You can verify that your modulator is working correctly by connecting a signal generator to the modulation input and monitoring the output signal on a CRO. Note that the figure above shows a realistic picture of amplitude modulation (assuming the modulating signal is adjusted to a suitable frequency, amplitude, and offset), but the FM signal exaggerates the depth of modulation.

Report

prepare a report on the design and performance of your program. The report should be  between 1500 and 2500 words (around 5 typed pages) not including appendices, and should contain the following sections:

• Introduction: A brief description of the task your program is solving and any necessary instructions on how to configure the hardware and run the program.

• Development process: An account of the process you followed in developing your solution, including any difficulties you faced and how you overcame them.

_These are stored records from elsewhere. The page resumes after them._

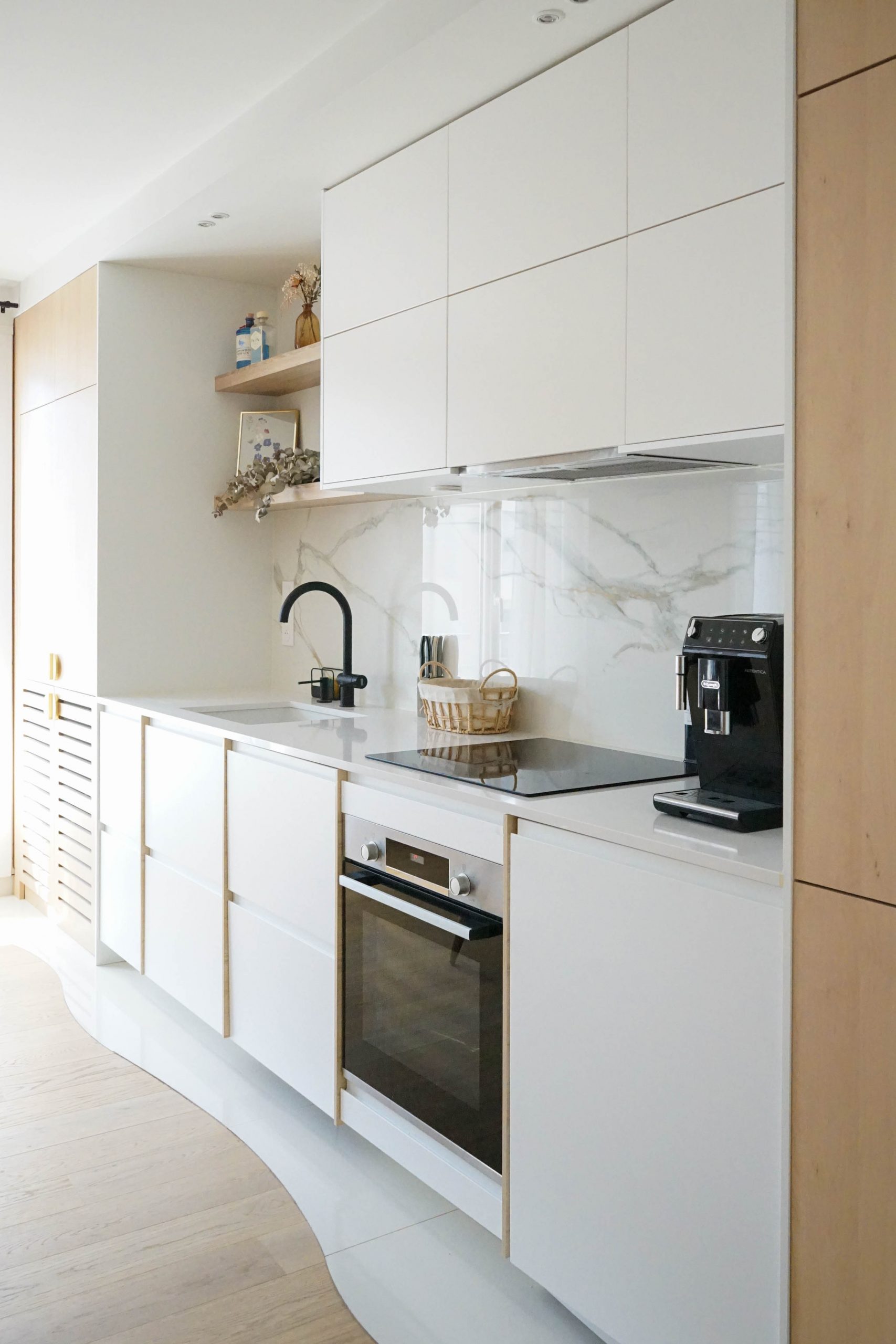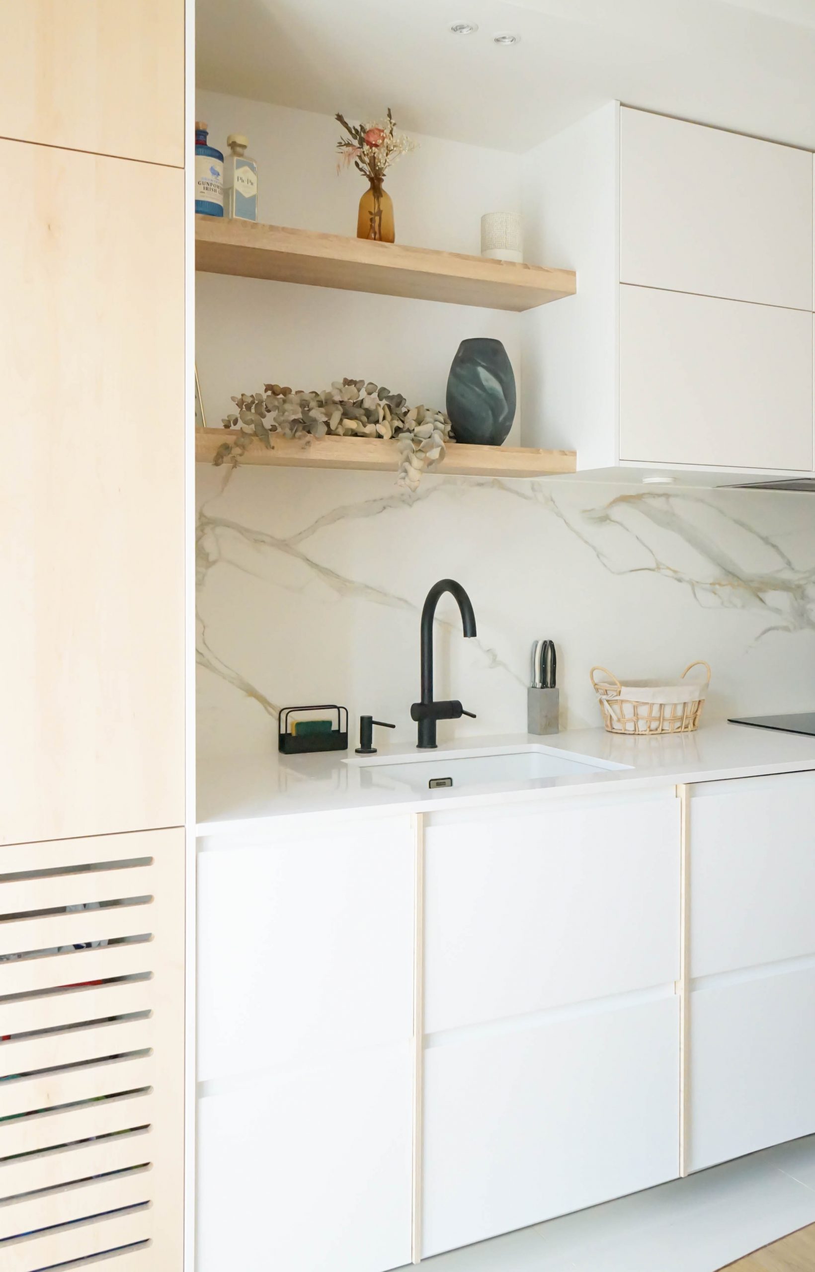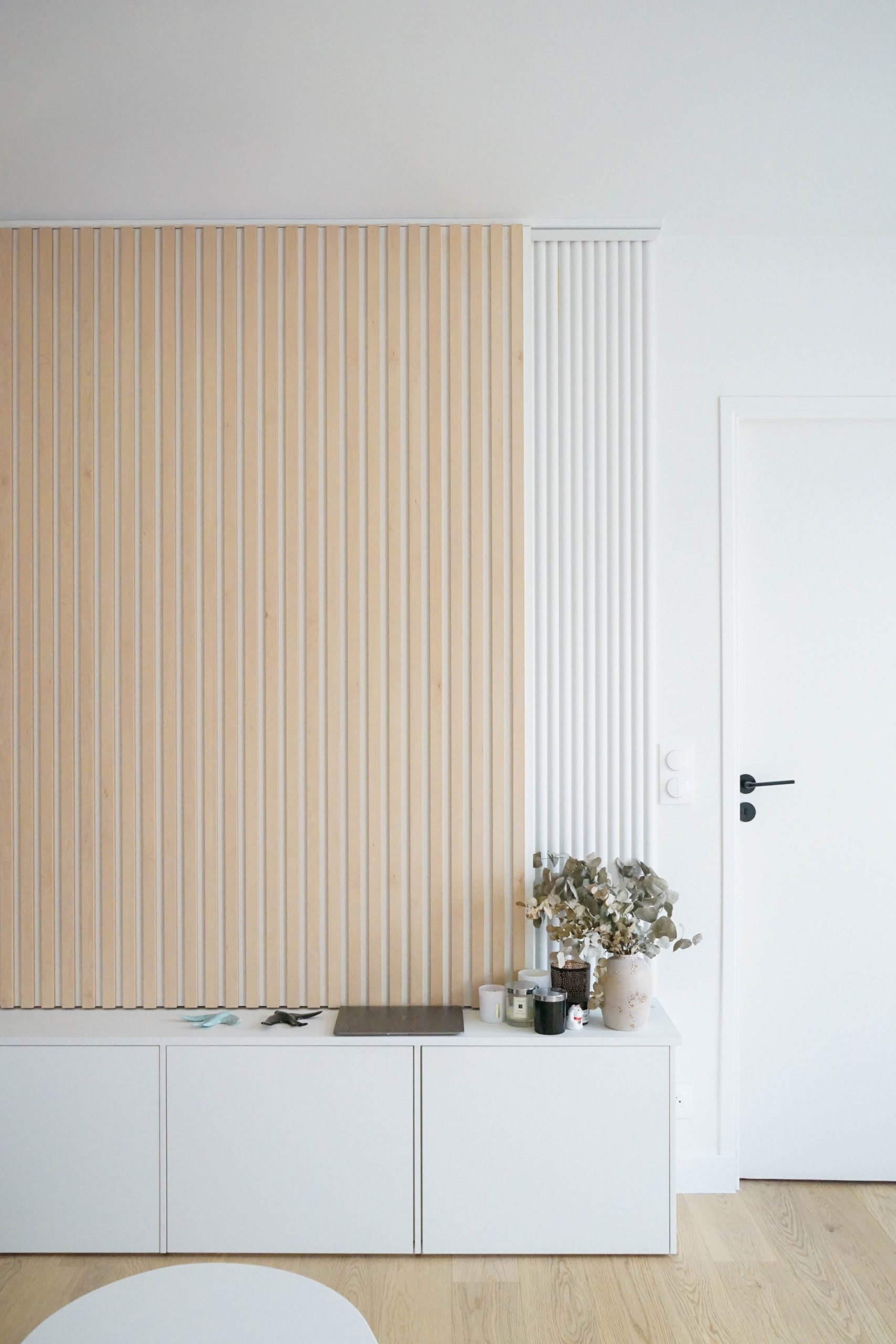 L’entrée a été repensée avec un claustra ajouré pour créer une transition douce vers la pièce de vie, et une petite salle d’eau avec WC a été ajoutée pour compléter le programme. Avec un budget maîtrisé, le choix s’est porté sur une cuisine mixant éléments Ikea et façades sur mesure, offrant un rendu unique et soigné. Pensée comme la pièce maîtresse de l’appartement, elle donne le ton de l’espace de vie : contemporain, fonctionnel et personnel. Dans le salon, un meuble de rangement bas filant permet de structurer l’espace sans l’alourdir.
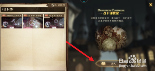 进入哈利波特魔法觉醒主界面里,点击如图的占卜课教室。
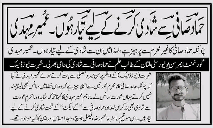 گزشتہ دو تین روز سے سوشل میڈیا پر ایک پوسٹ وائرل ہو رہی تھی کہ عمیر مہدی نامی نوجوان نے حماد صافی سے شادی کرنے کی پیشکش کی ہے ، پوسٹ میں کہا گیا تھا کہ چونکہ حماد صافی کا غیر محرم سے پرہیز ہے لہذا میں ان سے شادی کرنے کے لیے تیار ہوں ۔
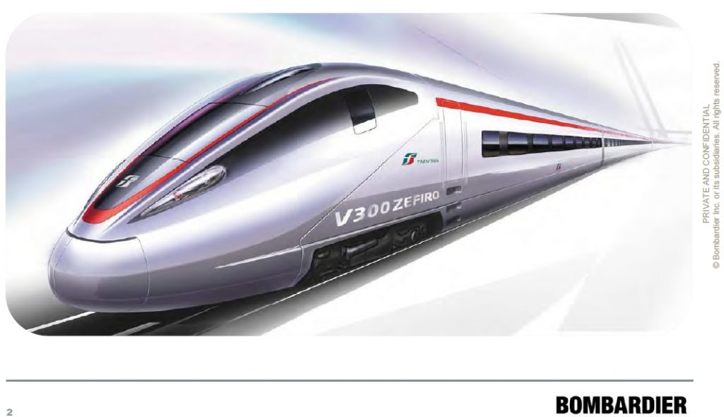 Para esta expansión necesitaban un tren “propio” y emblemático, y que cumpliese las ETI europeas. El elegido fue el V300Zefiro de Bombardier, que ganó el concurso internacional de Trenitalia de 2008 y fue diseñado por las plantas de Hennigsdorf (Berlín), Trápaga (Vizcaya, motores), Derby Litchurch Lane (Reino Unido, bogies) y Västerås (Suecia, sistemas eléctricos) y -el exterior- por la italiana Bertone.
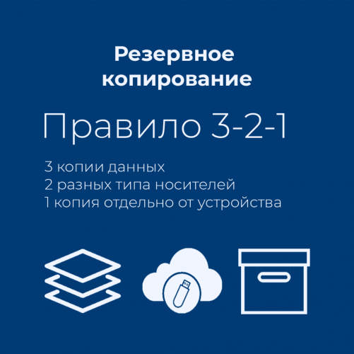 Для системных администраторов есть правило, применимое и для обычных пользователей: хранить три копии данных, две из них – на разных типах носителей (например, USB – жёсткий диск и облако).
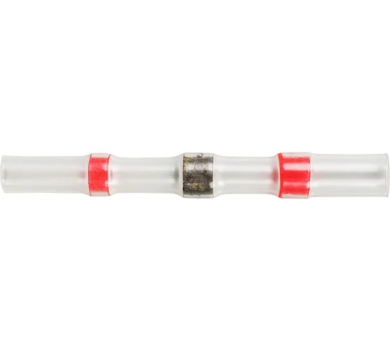 Соединитель термоусаживаемый под пайку предназначен для соединения медных многопроволочных проводов внахлест или встык методом термообработки. Для обеспечения визуального контроля процесса монтажа применяется прозрачный материал изоляции. В середине соединителя располагается гильза из низкотемпературного припоя оловянно-свинцовой группы. С обеих сторон на внутренней поверхности термоусаживаемой трубки располагаются клеевые полосы, обеспечивающие герметичность соединения после усадки.
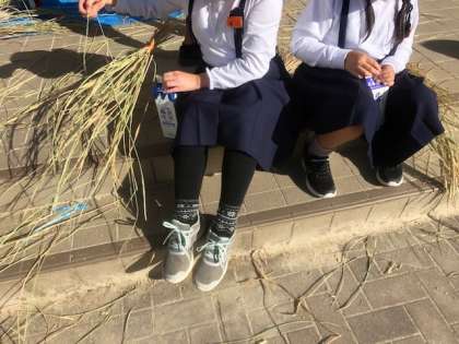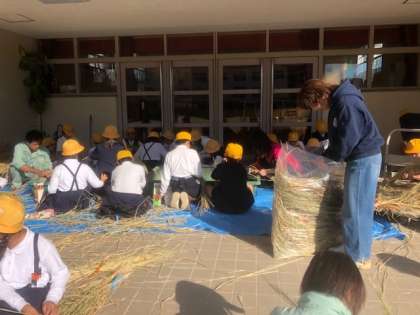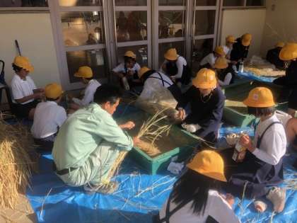 5年生の今回の脱穀作業は、脱穀機を使わずに牛乳パックを使いました。

• Code outline: An overview of your final code, including a brief description of the purpose of each module. Note that this description should complement the documentation in the code itself.

• Design Decisions: A discussion of the key design decisions you made in writing your code, including alternatives you considered and the reason why you made the decision you did.

• Performance Evaluation: A clear indication of how much of the problem your program solves, and experimental data to verify that your program works as claimed.

• Appendix: A full listing of your code. MPLABX can produce a formatted listing, but you'll probably need to adjust the print settings so that you've included all appropriate information.